> INPUT DATA:
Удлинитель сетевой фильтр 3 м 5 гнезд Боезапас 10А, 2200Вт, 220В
--
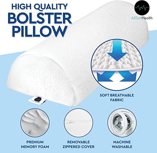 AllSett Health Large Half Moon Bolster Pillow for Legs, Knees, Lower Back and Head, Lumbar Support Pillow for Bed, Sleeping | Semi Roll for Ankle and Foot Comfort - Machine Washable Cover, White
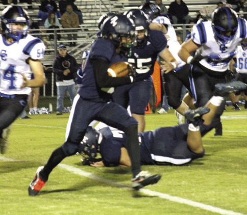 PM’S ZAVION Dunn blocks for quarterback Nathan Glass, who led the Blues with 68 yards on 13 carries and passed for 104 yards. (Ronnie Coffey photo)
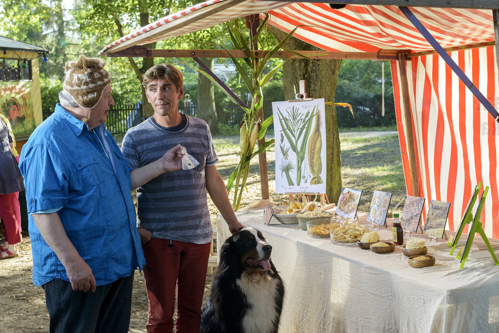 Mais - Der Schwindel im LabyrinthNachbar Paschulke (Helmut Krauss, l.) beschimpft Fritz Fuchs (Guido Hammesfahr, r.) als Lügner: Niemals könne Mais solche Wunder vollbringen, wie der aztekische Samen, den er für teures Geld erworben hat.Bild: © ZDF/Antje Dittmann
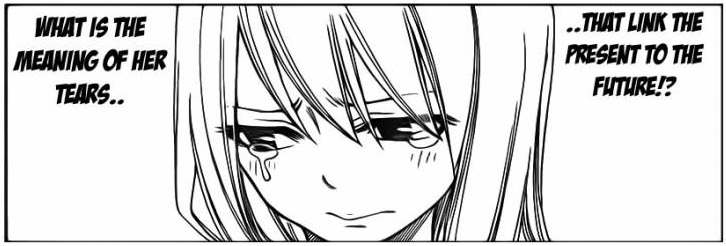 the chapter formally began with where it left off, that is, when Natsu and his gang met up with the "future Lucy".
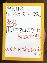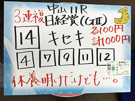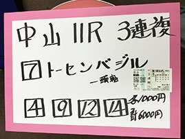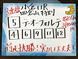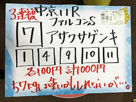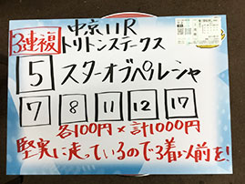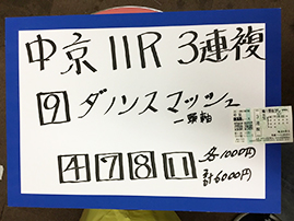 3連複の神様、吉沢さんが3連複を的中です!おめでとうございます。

> EXERCISE: Each line above starting at the one holding "Mais - Der Schwindel" and ending at the one holding "3連複の神様、吉沢さんが3連複を的中です!おめでとうございます。" should be set down exactly as it stands, both ends included, with no pictures.

> RESULT FOR THIS EXERCISE:
 Mais - Der Schwindel im LabyrinthNachbar Paschulke (Helmut Krauss, l.) beschimpft Fritz Fuchs (Guido Hammesfahr, r.) als Lügner: Niemals könne Mais solche Wunder vollbringen, wie der aztekische Samen, den er für teures Geld erworben hat.Bild: © ZDF/Antje Dittmann
 the chapter formally began with where it left off, that is, when Natsu and his gang met up with the "future Lucy".
 3連複の神様、吉沢さんが3連複を的中です!おめでとうございます。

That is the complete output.